The reality is messy and unsatisfying and does not fit on a placard. India gave up more than the government admits. India got more than the opposition acknowledges. The terms are incomplete, contradictory between the two governments, and are still being negotiated. The final deal may look very different from what exists on paper today.
But messy and unsatisfying does not trend on social media. It does not fill a news cycle. It does not mobilise farmers or win applause in Parliament.
The Real Failure
I study political communication for a living. And what strikes me about the trade deal debate is not that politicians are spinning. Politicians always spin.

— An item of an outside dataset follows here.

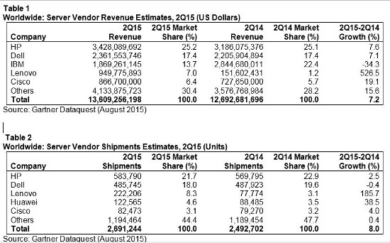 Por regiones, Norteamérica es la que más creció significativamente por unidades (14,8%) y por ingresos (14,7%). HP mantiene la primera posición del ranking con una cuota del 25,2%. La mayor progresión ha correspondido a Lenovo, que ha multiplicado por cinco su facturación en el segmento de servidores. IBM es el único que no ha crecido de los top 5.

What strikes me is that both sides have independently decided that the Indian public cannot handle complexity.
The government has decided that Indians cannot process “we were in a bad position and we negotiated the best outcome available.” So it presents a framework as a finished deal, a tariff reduction as a gift rather than the removal of a punishment, and a set of contradictory statements as a “diplomatic win.”
The opposition has decided that Indians cannot process “this deal has real problems but it also has some logic given the circumstances.” So it presents every concession as a catastrophe, every compromise as a betrayal, and a framework that excludes most sensitive agricultural products as the death of Indian farming.
Both sides are treating voters as consumers of emotion rather than citizens capable of evaluation. The government sells hope. The opposition sells fear. Neither sells information.
And the people caught in the middle, the actual farmers, the actual textile workers, the actual software engineers whose futures depend on these terms, are left choosing between two fictions. They can believe the government and trust that everything is fine. Or they can believe the opposition and conclude that everything is lost. Neither version equips them to understand what is actually happening to their lives.
What I Would Tell Both Sides
If I were advising the government, I would say this: tell the country you were facing 50 per cent tariffs and that you brought them down to 18 per cent. Tell them the price was real and the concessions were painful but necessary. Tell them agriculture has guardrails, but that the final terms are still being negotiated, and you will fight for farmers in the next round. Stop pretending this is a victory parade. It is a negotiation in progress.
If I were advising the opposition, I would say this: acknowledge the tariff problem India was facing. Acknowledge that some deal was necessary. Then hammer the government on the specific terms, the oil commitment, the data provisions, and the contradictions between the Indian and American versions. Stop calling it a surrender and start calling it a bad negotiation. “They could have done better” is a stronger argument than “they sold the country,” because one is credible and the other is theatre.
But neither side will do this. Because honest communication requires trusting your audience, and in Indian politics, both sides have concluded that trust is a luxury they cannot afford.
The farmers burning effigies in Punjab deserve better than two competing fictions. They deserve to know what is actually in this framework, what is still being negotiated, and what their government has committed to and has not. They are getting slogans instead.
Both sides are giving them slogans. Both sides are lying. And the only people paying the price for this mutual dishonesty are the ones whose livelihoods actually depend on what happens next.